Reel Sounds – Vol.2: Crosby, Cuba And More In Focus At Doc’n Roll 2019

Music documentary festival Doc'n Roll shines a vital light on artists both adored and unexplored, finds Neil Fox

The sixth edition of the music documentary festival Doc’n Roll has some real heavy hitters in its line-up this year. The festival opened with a screening the PJ Harvey documentary A Dog Called Money, which offers a fascinating look at the making of Harvey’s most recent record The Hope Six Demolition Project. The album was created in a specially constructed studio at Somerset House, where members of the public were invited to go and observe the musician and her collaborators as they set about making the record. That’s where the film is most interesting. It’s more problematic in its portrayal of Harvey’s global journey to find inspiration to make the record, but that’s been covered here on the Quietus site from the film’s world premiere at the Berlinale earlier this year.

The other major player in the programme is the Cameron Crowe-produced portrait of David Crosby, directed by A.J. Eaton, titled David Crosby: Remember My Name. It’s as slick and high end as you’d expect from a Crowe-produced documentary. Leisurely paced, rammed with amazing archive footage both familiar – live and television performances – and less so – incredible super 8 footage of Crosby out sailing in the mid ’70s and early, already tense, behind the scenes footage of Crosby, Stills and Nash at Crosby’s legendary Laurel Canyon house. In the film, Crosby visits the house that became iconic in so many photos of that famed period, to retell stories, most notably and lengthily of his relationship with Joni Mitchell.

The film spends a long time allowing Crosby to talk in revered tones about others, he comes across as artistically humble and generous and this is no more apparent than in the Mitchell segment. It’s clear the esteem he holds her in, and both he and the audience are grateful for the chance to spend time reflecting on her genius. Elsewhere, there are gems to be found in learning that Crosby’s Dad shot the Gary Cooper classic High Noon, that he really, really disliked Jim Morrison (a dork apparently) and how open and frank he is about his issues with drugs and his period in jail. The picture and footage of him leaving prison in Texas is astounding. Crosby is not afraid of being honest, even when it looks bad on him. Under the surface is the sense that he hates himself as much as others hate him.

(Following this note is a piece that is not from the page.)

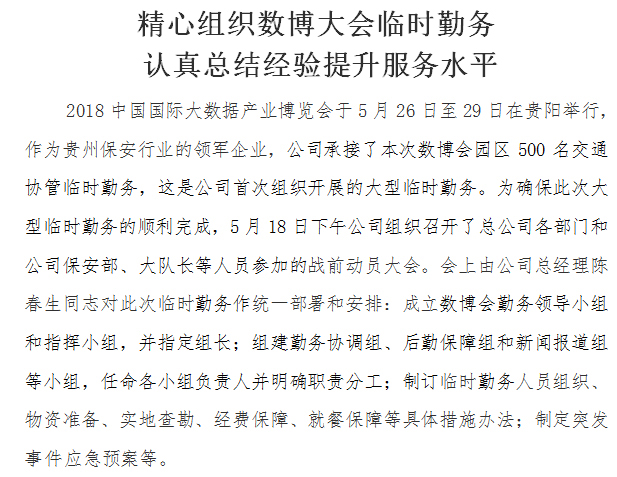精心組織數博大會臨時勤務 認真總結經驗提升服務水平

The last third of the film addresses the absences at the heart of the film to that point. For someone who was a member of legendary bands that left a real imprint on popular music in the second half of the twentieth century, the lack of collaborators coming forward at the time this film is made, to give him as much praise as he gives them, or any for that matter, is telling. The last third of the film is deeply moving and sad, as Crosby reckons with his behaviour and its impact, leaving him alone and apart from his long-time friends, peers and partners in music. The rare honesty of a star of this stature in a film about them is startling, and makes for powerful viewing. He’s self-aware about his luck and privilege, his selfishness and other flaws, his own brand of mental health issues and his lack in relationships prior to meeting his wife of 30+ years, Jan. However, his story is so dense it leaves too little space for a real appreciation of his contribution to pop music, that incredible voice.

At the other end of the spectrum in terms of scale and notoriety is Olivia Emes’s impressionistic portrait of Cuban maestro Marietta Veulens, Passions and Rituals. Veulens is a London-based Cuban musician whose work crosses boundaries of jazz, classic and folk. The film focuses on the completion of what she sees as her life’s work, a record 20 years in the making that she feels represents her life as an artist and her personal life in a broader sense. In being both the story of a long-gestating record and also the myriad contexts that inform it and the road to making it, the film shares much with Rob Curry and Tim Plester’s brilliant The Ballad Of Shirley Collins.

From Matanzas in Cuba, Passion and Rituals follows the musician’s ‘home’ as she reconnects with formative people and places and pieces her magnum opus together. Emes’s film is a window into worlds too rarely seen. Cuba is an underrepresented country in most respects, and its women far less than its men. Also, this film allows viewers to see other parts of a country where the capital Havana is often representative of all. The film is lovingly constructed like a dance piece, allowing viewers the chance to experience some of the rituals of the title and connects Veulens to her past, creating music for a dance theatre company in Havana. The film never states the importance of Veulens as an artist directly, instead this understanding grows through the words of her reverent collaborators – including Basement Jaxx’s percussionist oddly – and the culminating force of the exposure to the music she makes.

Elsewhere, the programme is bursting with the usual array of familiar and unfamiliar names and genres being represented. Without being too sycophantic, Doc’n Roll is a tremendous showcase of all that’s good in the music doc genre each year, shining vital light on films that might otherwise be missed. There are films about the Blue Note label, FOALS, Drum & Bass, Krautrock, Gordon Lightfoot, Gina Birch and young Norweigan popstar Aurora. It’s not often that the adage ‘something for everyone’ is apposite, but Doc ‘N Roll gets pretty close.